Using grammar -based method to detect verbatim copying can get better results than
using it to detect the copied text including synonym replacement or rewriting. 2)
Semantics-based method. This method uses the vector space model of the Information
Retrieval Technology, and statistics word frequency in a document to obtain feature
vector of the document, then uses dot product, cosine, etc. to measure the feature
vector of the two documents. This feature vector is the key of the document similarity.
This method is not always effective to detect partial plagiarism, because it is difficult
to determine the location of copied text. 3) Grammar semantics hybrid method [1].
This method is used to solve the problems of the two methods mentioned above, and
improve the detection results.
   Locating is an important step of text copy detection technology. It is required to
give the position of the plagiarized content in the document in addition to calculating
the document similarity. By-word comparison is a common locating method.
Sediyono et al proposed LCCW (Longest Commonly Consecutive Word) algorithm
[7]. It regards a paragraph as a comparison unit, and splits it into a collection of
consecutive words. The position of the words in the paragraph is recorded. Then using
by-word comparison, the longest commonly successive word can be identified.

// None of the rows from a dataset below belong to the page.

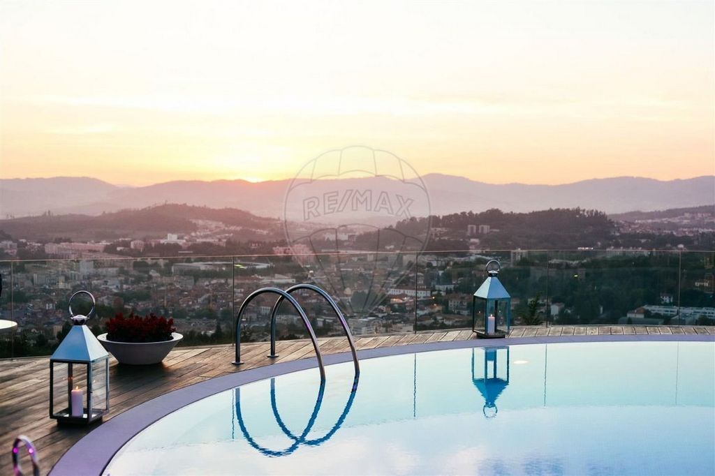This property is surrounded by gardens with sumptuous landscaping, which also features an outdoor swimming pool with a unique and breathtaking view of the city of Guimarães.
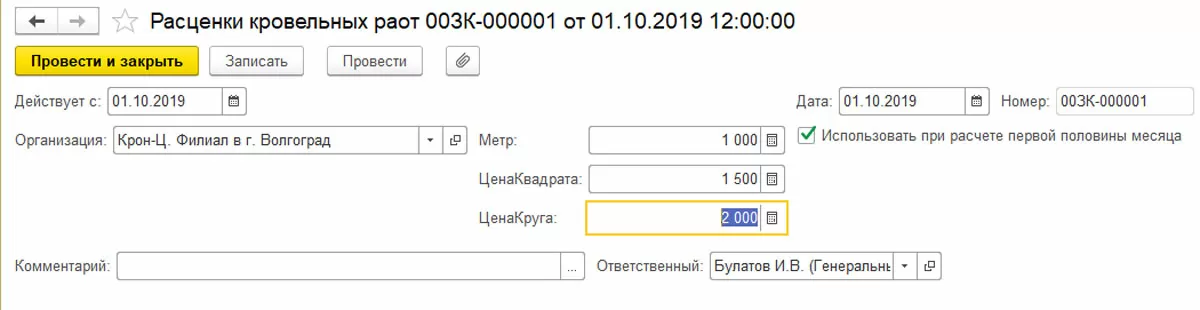 Вводим документ «Данные для расчета зарплаты» вида «Показатели для кровельных работ».
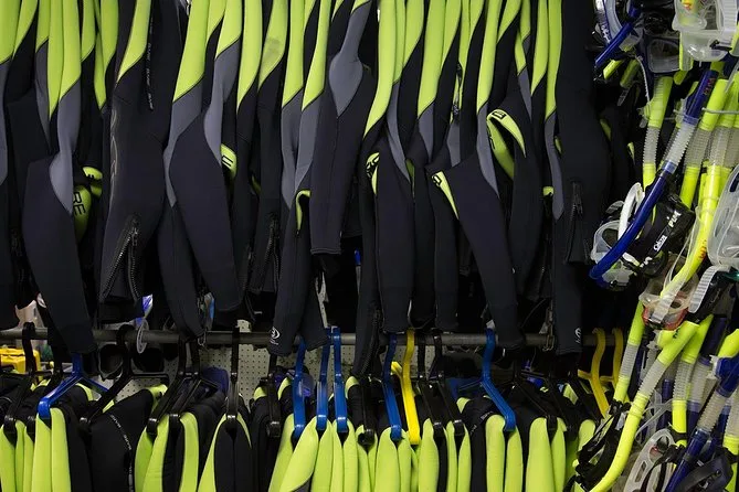 Seu dia inclui o uso de roupas de neoprene de 5mm para aquecer (do tamanho infantil até 3XL), máscaras e snorkels para você não precisar levar nada, serviço de toalhas após o mergulho, café ou chocolate quente para esquentar entre os mergulhos, além de casacos para barco para as manhãs frias—tudo acompanhado por um divemaster certificado que cuida da segurança e registra fotos durante o passeio antes de você se trocar em instalações aquecidas.
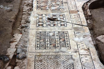 Excavation has focused on a third-century imperial temple, and also a street lined with shops. In July, the team began to explore the mosaic, which was part of a Roman bath. The decoration consists of large squares, each filled with different colored geometric designs and ornamentation.
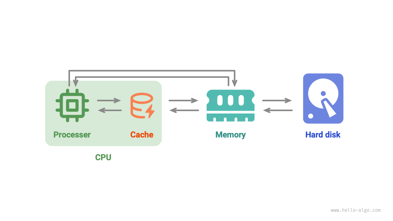 As shown in Figure 4-10, during program execution, data is read from the hard disk into memory for CPU computation. The cache can be considered a part of the CPU, smartly loading data from memory to provide fast data access to the CPU, significantly enhancing program execution efficiency and reducing reliance on slower memory.

Eventually, the content and position of the similar text in the document can be
obtained. Zaslavsky et al proposed the MDR (Match detect Reveal) system [8]. In this
system, preprocessed document is split into words or fixed-length strings. And using
Matching Statistics Algorithm, a suffix tree is constructed for each fixed-length string,
and then the longest common substring can be found among the suffix trees.
According to the longest common substring, the similar text and its position in the
document can be obtained. By-word comparison method builds the index by words,
which is an exact matching method. Its locating performance is not good enough for
the text which includes obfuscation. The top three of PAN-09 plagiarism detection
contest [10] [11] [12] process the document by word or by sentence and combine with
heuristic matching methods, to achieve approximate text matching. This method is
suitable in English documents, however, it can not solve the Chinese word
segmentation problem in Chinese documents.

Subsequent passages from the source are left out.